Ich bin ein Kind des Kreises; hier bin ich geboren und aufgewachsen. Hier habe ich mich auch „von der Pike auf“ politisch engagiert. Für mich ist der Kreis Rendsburg-Eckernförde eine Herzensangelegenheit. Das macht schon einen Unterschied, es ist halt nicht alles einfach nur „Verwaltung“; die Menschen hier sind ein ganz eigener Schlag und man muss sie gut kennen, wenn man vernünftig mit ihnen und für sie arbeiten will.
Besonders freue ich mich natürlich, dass ich in der eigenen Partei uneingeschränkten Rückhalt habe. Das gibt mir Rückenwind nicht nur für den Wahlkampf. Den Rückhalt in der Partei führe ich nicht zuletzt auf meine Fähigkeit zu integrieren und meine sachliche unaufgeregte Art zurück, an Herausforderungen heranzugehen. Der neue Landrat muss unterschiedliche Interessen bündeln, zusammenführen und integrieren – und keine Spaltpilze setzen und an diesen Reibereien sein Ego befriedigen.
Ich bringe langjährige Erfahrungen aus der Kommunalpolitik und der freien Wirtschaft in das Amt des Landrats ein. Angesichts der Zerstrittenheit zwischen CDU und „ihrem“ Landrat und ihrer gemeinsamen mageren Bilanz kann nur ein Wechsel den notwendigen frischen Wind bringen.
2. Rendsburg-Eckernförde ist fast so groß wie das Saarland. Kann man da als Landrat überhaupt bürgernah sein?
Natürlich ist es als Landrat eines Kreises mit 165 Gemeinden und mehr als 270.000 Einwohnern ausgeschlossen, ein ähnlich persönliches Verhältnis zu allen Bürgerinnen und Bürgern aufzubauen, wie dies ein Bürgermeister einer kleinen Gemeinde mit wenigen hundert Einwohnerinnen und Einwohnern kann. Ich werde aber ein Landrat für alle Bürgerinnen und Bürger des Kreises sein – für die Menschen aus den größeren Städten und Gemeinden ebenso wie für diejenigen aus den kleinen ländlichen Gemeinden. Deshalb habe ich bereits im letzten Sommer alle 165 Gemeinden unseres Kreises besucht und mir einen persönlichen Eindruck verschafft.

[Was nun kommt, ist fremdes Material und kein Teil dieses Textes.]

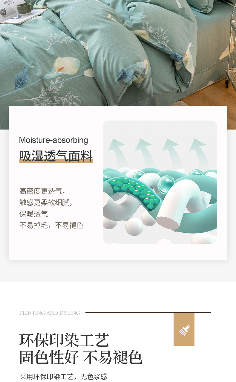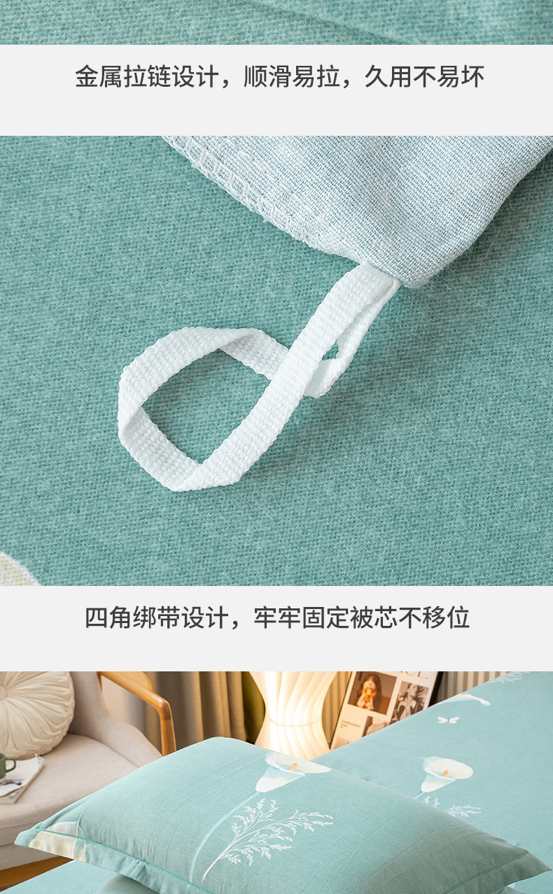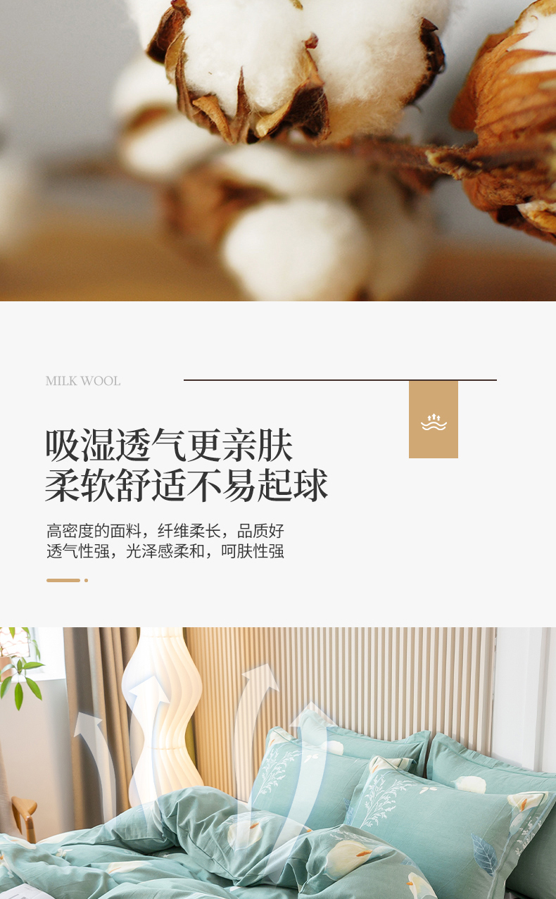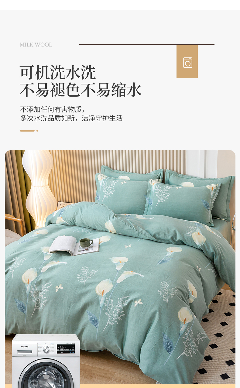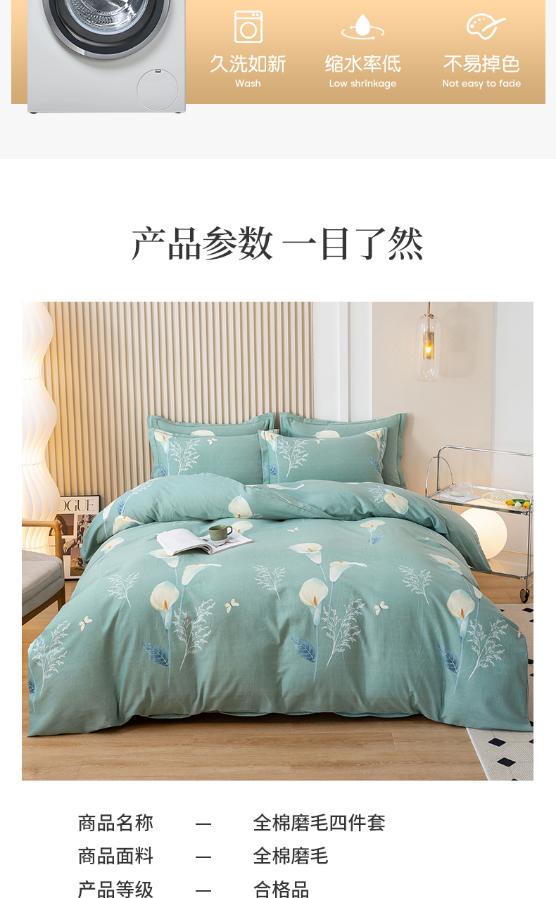 商品名称:威布斯家居 2024新款AA版全棉加厚磨毛四件套 清新百合-绿

3. Was sind aus Ihrer Sicht die wichtigsten Weichenstellungen, die in den kommenden Jahren auf den Kreis zukommen?
Auch auf kommunaler Ebene wird es immer wichtiger, den demographischen Wandel zu gestalten. Wir haben das Glück, dass wir in unserem Kreis für alle Generationen etwas zu bieten haben ¬– für junge Familien ebenso wie für die ältere Generation. Aufpassen müssen wir aber, das Angebot den sich wandelnden Bedürfnissen anzupassen. Ich setze mich für bessere Kinderbetreuungsmöglichkeiten ebenso ein wie für einen Ausbau der Angebote im Gesundheitsbereich – ein Wirtschaftsbereich, in dem unser Kreis bereits sehr stark ist.

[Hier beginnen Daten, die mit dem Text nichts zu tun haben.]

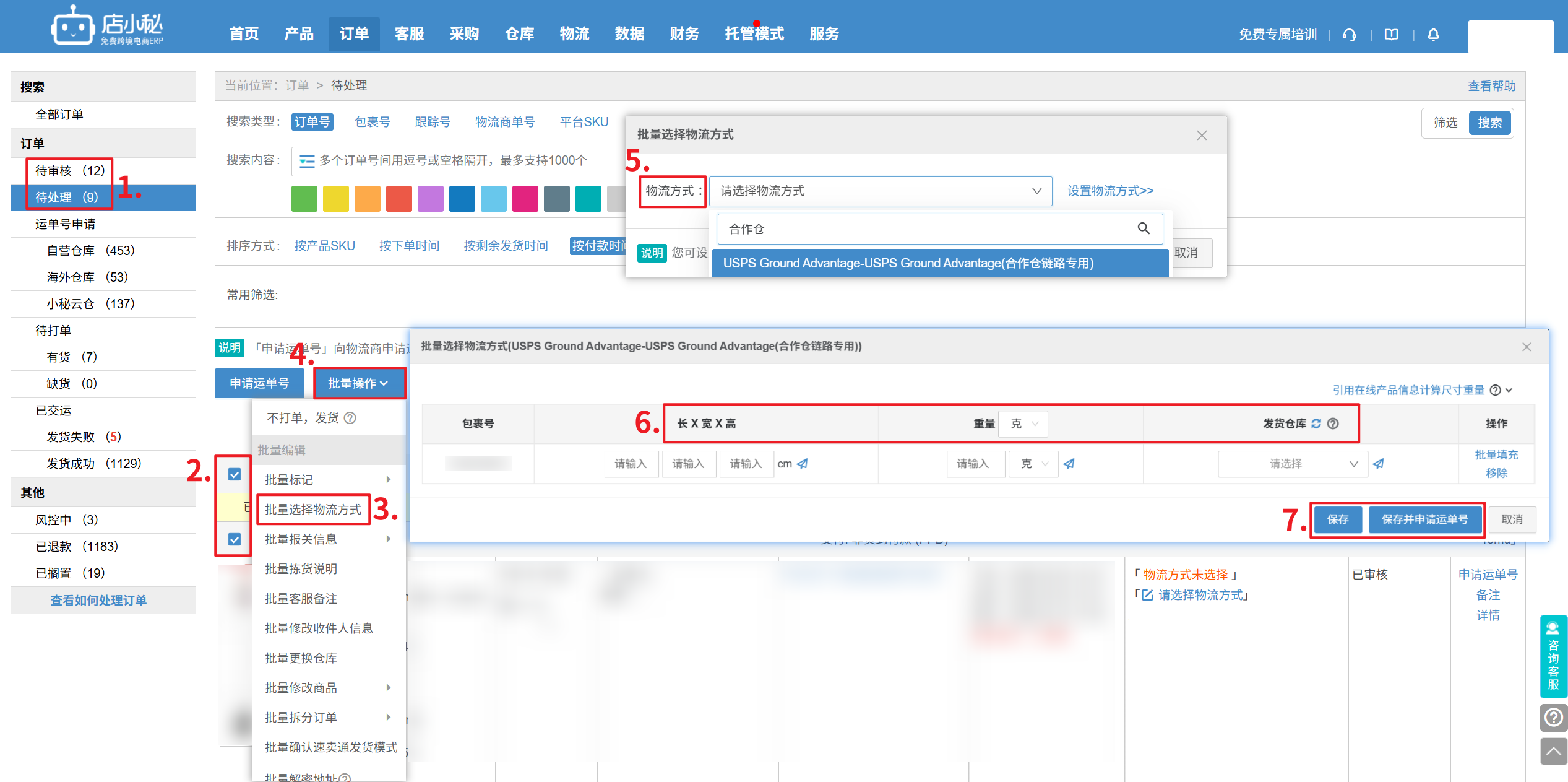 【待审核/待处理状态—勾选订单—批量选择物流方式—选择渠道—设置尺寸/重量/发货仓库 —保存并申请运单号即可】

4. Über Privatisierungen wird in der Kreispolitik immer wieder heftig debattiert - zum Beispiel, wenn es um die Zukunft der Kreiskrankenhäuser geht. Wie ist Ihr Standpunkt in dieser Frage?
Ich kenne das Kreiskrankenhaus in Rendsburg seit meiner Geburt und war später einige Jahre Mitglied des Aufsichtsrats der Trägergesellschaft. Nicht nur deshalb liegen mir unsere Krankenhäuser besonders am Herzen. Ich bin überzeugt, dass sie für die Zukunft sehr gut aufgestellt sind und werde mich daher dafür einsetzen, dass der Kreis weiter alleiniger Träger der Krankenhäuser in Rendsburg und Eckernförde bleibt. Wer seine Krankenhäuser privatisiert, muss befürchten, dass Profitinteressen eine größere Rolle spielen als das Patientenwohl. Privatisierungen sind daher aus meiner Sicht nicht der Weg, den der Kreis gehen sollte.
5. Während unser Nachbarkreis Schleswig-Flensburg zu Deutschlands Top-Regionen in Sachen Familienfreundlichkeit zählt, kommt Rendsburg-Eckernförde bei diesem Thema nicht von der Stelle - so steht es im Familienatlas der Bundesfamilienministerin. Wie kann der Kreis für Familien attraktiver werden?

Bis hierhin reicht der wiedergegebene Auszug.